OpenSearch data is restored successfully from the backup stored in Amazon S3. All indexed metadata used for search and discovery in Data Catalog is available once the OpenSearch service restarts and completes indexing.

#### **Restore FE-Workers data from Amazon S3**

In Data Catalog deployments running on Amazon EKS, administrators can restore FE-Workers data from backups stored in Amazon S3 storage. The FE-Workers component stores system-defined data patterns, dictionaries, and processed datasets that are essential for profiling and data analysis within Data Catalog. Restoring FE-Workers ensures that these reference files are recovered and available for downstream data discovery and governance tasks.
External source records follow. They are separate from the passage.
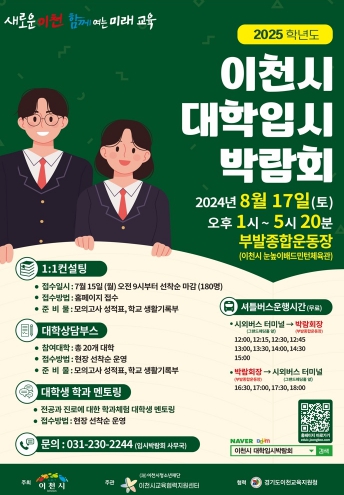 [뉴스서울] 이천시에서는 관내 학생과 학부모에게 최신 대학 진학 정보를 제공하기 위해 다음달 17일 이천시종합운동장내 이천시눈높이배드민터체육관에서 '2025학년도 이천시 대학입시 박람회'를 개최한다고 밝혔다.
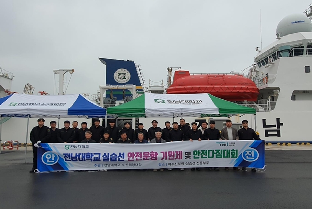 [뉴스스텝] 전남대학교 수산해양대학(학장 서호영)은 지난 24일 여수 신북항에서 선박실습센터 및 실습선 교직원들이 참석한 가운데, 실습선의 안전 운항과 승선자의 무사 안녕을 다짐하는 ‘전남대학교 실습선 안전기원제 및 안전 다짐 대회’를 개최했다.
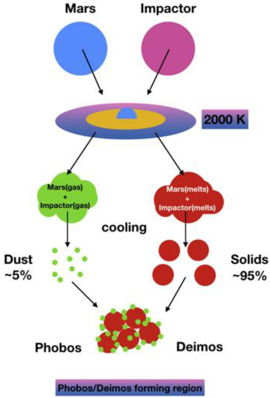 The giant impact scenario is also consistent with telescopic observations of the surfaces of both moons, suggesting a composition different from that of Mars. In this case, the composition of the disk materials is treated as a mixture of Martian and impactor materials (Figure 3) [14].

{% hint style="warning" %}
Stop any active Data Catalog jobs or services that access FE-Workers data before performing the restore to prevent file-level conflicts.
{% endhint %}

Perform the following steps to restore FE-Workers data from Amazon S3 storage:

**Before you begin**

Make sure the following requirements are met:

* The FE-Workers backup files are available in the Amazon S3 bucket.
* AWS CLI and kubectl are installed and configured to access your Amazon EKS cluster.
* You have the Amazon S3 bucket name and the timestamp of the backup information.

**Procedure**

1. Download the FE-Workers backup files from the S3 bucket.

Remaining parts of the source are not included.